Πέμπτη 21 Φεβρουαρίου 2019

Routine Upper Gastrointestinal Fluoroscopy Before Laparoscopic Sleeve Gastrectomy: Is It Necessary?

Abstract

Background

Controversy exists regarding the clinical utility of routine preoperative upper gastrointestinal (GI) fluoroscopy in morbid obese patients undergoing laparoscopic sleeve gastrectomy (LSG). The aim of our study was to determine the efficacy of these studies in detecting hiatal hernias (HH).

Methods

The institution's prospectively maintained, IRB-approved database was retrospectively queried to identify all consecutive patients who underwent LSG between 2011 and 2017. All patients underwent routine preoperative upper GI fluoroscopy.

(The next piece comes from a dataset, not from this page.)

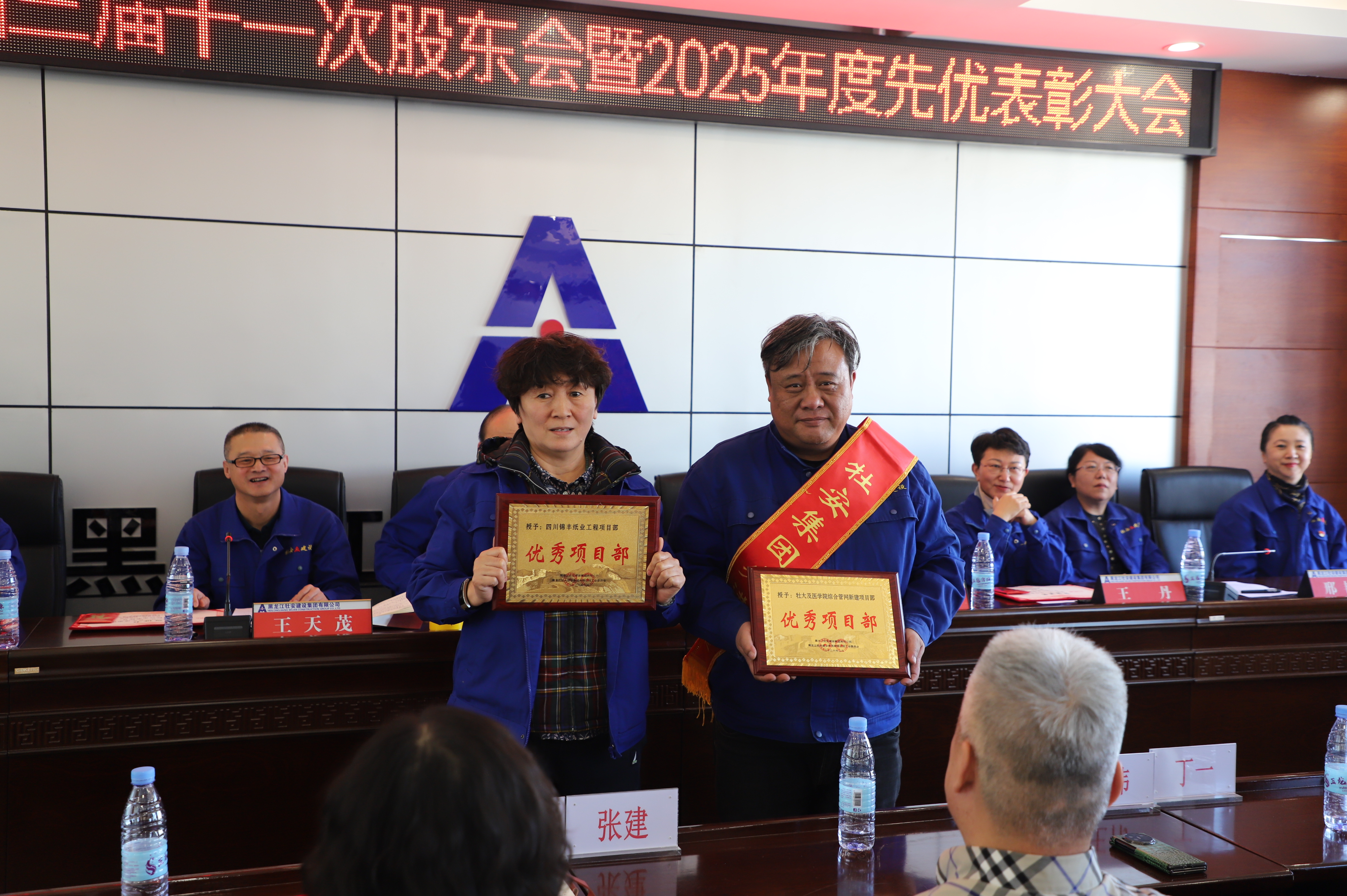 優(yōu)秀項目部獎,左起:四川錦豐紙業(yè)工程項目部、牡大及醫(yī)學院綜合管網(wǎng)新建項目部

Reports from all imaging studies were retrospectively reviewed and compared to the presence of an intraoperative HH.

Results

During the study period, a total of 1810 patients (854 males, 956 females) underwent LSG at our institution. Mean age was 40.95 ± 13 years (range 11–75), and mean BMI was 42.8 ± 5 kg/m2 (range 30–86). The overall prevalence of HH was 11.1% (201 patients). All HHs detected were repaired. Considering the intraoperative identification of HH the gold standard for diagnosis, the sensitivity and specificity of preoperative UGI fluoroscopy for HH detection were 32% (66/201) and 94% (1512/1609), respectively. The median operative time was significantly longer when concomitant LSG and HH repair was performed compared to LSG alone (76 min vs. 55 min, p < 0.001, respectively). The foreknowledge of HH had no influence on the median operative times (77 min vs. 75 min, predicted vs. incidental, respectively, p = 1.34). HH repair did not affect the complication rate (p = 0.3).

Conclusion

Routine preoperative upper GI fluoroscopy holds a low sensitivity for HH detection. Health policy regulators should consider omitting this exam from routine preoperative evaluation for bariatric patients.